Два человека. Два одинаковых человека. Справка совершенно ничего не значит. Но тот, что без неё, зажмётся и задавится ещё больше. Он именно замолчит, чтобы ни сделать ещё хуже. Это обычный инстинкт самосохранения. Оправданный и логичный. Боль есть, нужно от неё закрыться. Что Марго и сделала.

С ней здоровались, она молчала. Ей задавали вопросы, она молчала. Первую неделю на парах никто и не заметил разницы. Но потом кто-то докопался до неё, и молчание открылось. Одногруппники не поверили и проверили. Смеялись, шутили, использовали положение по полной. Бывшие одноклассники ещё больше подзадоривали заведённую толпу, выдумывая школьные случаи, обличающие девочку. Маргарита сверлила их непонимающим взглядом. Пару раз срывалась и убегала с занятий. Она не молчала полностью, только за ненадобностью. Продуктами закупалась в супермаркетах, где не нужно говорить, библиотекой пользовалась только электронной. Но на улице всегда могла подсказать дорогу или который час прохожему.

Игра в молчанку дошла до преподавателей. Сначала как недоумение с их стороны, потом до скандала. В то заведение девочка приходила набираться знаний \/ ожидать диплома. (Зачем? Да потому же, почему и все – так надо) Разборки по поводу отсутствия речи этому никак не способствовали. Так что она молчала сначала у педагогов, потом у главкафедры, потом у декана и наконец в архиве, подписывая справку о возвращении аттестата.

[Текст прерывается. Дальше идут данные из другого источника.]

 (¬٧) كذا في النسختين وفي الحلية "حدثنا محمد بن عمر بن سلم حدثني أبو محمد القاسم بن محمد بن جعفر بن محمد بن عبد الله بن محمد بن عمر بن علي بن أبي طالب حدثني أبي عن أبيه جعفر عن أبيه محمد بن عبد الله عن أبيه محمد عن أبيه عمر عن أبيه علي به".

«Ну и хорошо. – Подумала Марго. – Наверно хорошо». Ну, а что ж плохого? Да и что хорошего? Пропадает стипендия, но есть ещё скопленные от отца деньги, он их пока регулярно присылает. Главное: пропала обязанность, отягощающее бремя. Появилось время, наступала вновь весна и балкон оттаивал. А пока разжижавшаяся грязь не досохла, Маргарита была заперта с самой собой в четырёх стенах.

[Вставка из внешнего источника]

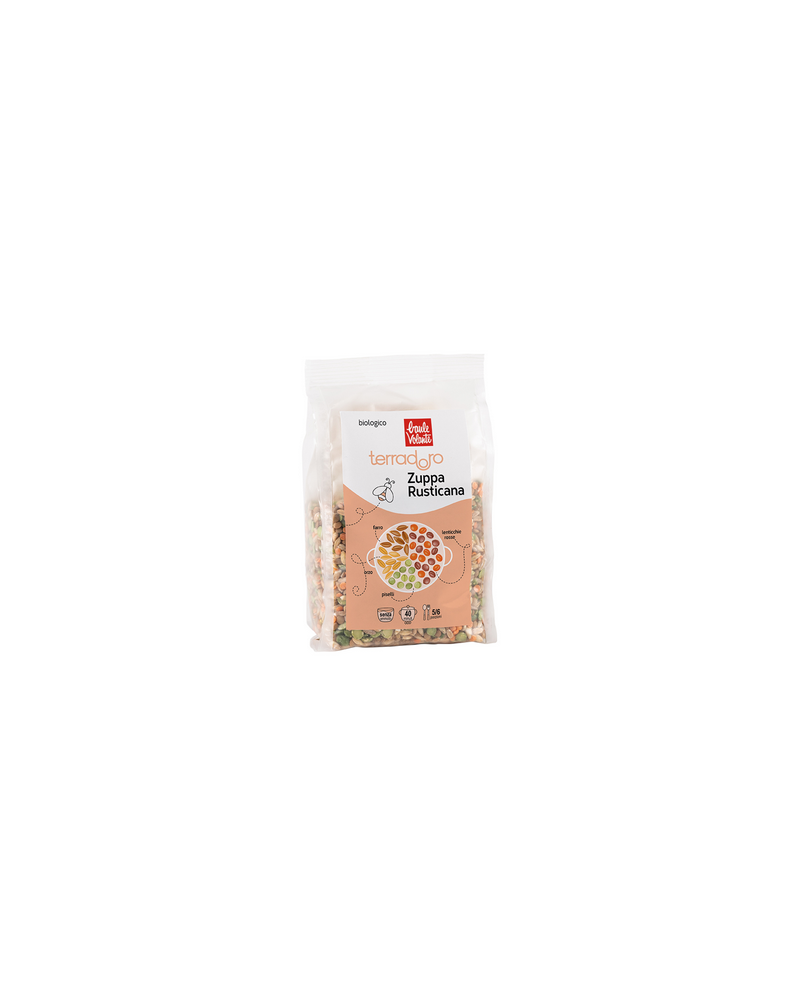 Ingredienti: Farro perlato* 20%, lenticchie rosse decorticate* 20%, lenticchie* 20%, orzo decorticato* 20%, piselli decorticati spezzati* 20%. (*da agricoltura biologica)

Однажды одиночество заело её полностью. Это не случилось после очередного разочарования в своих ожиданиях или от зависти при виде счастливых лиц. Это не было ничем стимулировано, а стало результатом долгого накопления медленных угрызений. «Мне плохо» – не переставая, твердила себе девочка. Делать что-то нужно было, Марго знала это давно, но, что именно, понять никак не могла. Вокруг постоянно витали угнетающие слова, предположительные причины всех так называемых бед. Казалось, что это будет очередной вечер, когда, после часовых копаний в себе, она просто уткнётся в подушку, будет мечтать толком неизвестно о чём и уснёт. Но оставлять негодование, как раньше, нельзя. Настала пора выплеснуться, вывалить всю тревогу и разложить её по местам. Всё понять никогда не получалось, слишком много ответвлений постоянно летало, и мысль сбивалась. Мысль о чём? – такой вопрос заставлял девочку каждый раз возвращаться к тому, с чего она начала. Может из-за гнева или отчаянья она не могла никогда не к чему прийти. Тогда она придумала записать, всё выложить на листке и следить за мыслями по порядку.

 

Она создала идею. Пока неконкретную, скорее форму идеи или некий предположительный образ. Мне плохо, и что-то нужно с этим делать. Мысль, казалось, верная. Чтобы управлять, развивать и обосновывать её, пришлось мысль привязать к хронологическому порядку. Так родилось описание своей жизни. Теперь всё, что упиралось в рамки и ограничивало её долгие годы, вмиг могло исправиться фантазией на листах бумаги.

Во-первых, пол. Её не то, что бы не устраивали ежемесячные проблемы или сложившееся отношение к женской половине в современном и пережитом обществе, нет, она видела недостатки и в мужских организмах. Хотя бы рудименты эволюции в виде волос. Может и жизнь её сложилась бы иначе, будь она парнем. Ведь часто она и по сей день слышит: тебе надо было быть мальчиком. Тогда возникает вопрос: как часто бы люди говорили, что ей надо было бы быть девочкой, родись она мужиком? Но что было бы на самом деле, увы, никогда не узнать. Все суждения рождаются на основе имеющегося. Долгое время девочка вообще не хотела обозначать пол существу, к которому привязывала свои мысли. А зачем? Это же её мир, может в этом мире нет полов и все равны. Не только на генетическом уровне, но и в социальной среде. Вообще всё там может быть равным. Без цвета кожи, без кривых и ровных лиц. С одинаковыми талиями, увлечениями, работами и одинаковыми жизнями. Все в том мире ходили бы ровно по струнке. У всех была бы одна судьба. Ни каких войн, злости, агрессии, но и никакого счастья.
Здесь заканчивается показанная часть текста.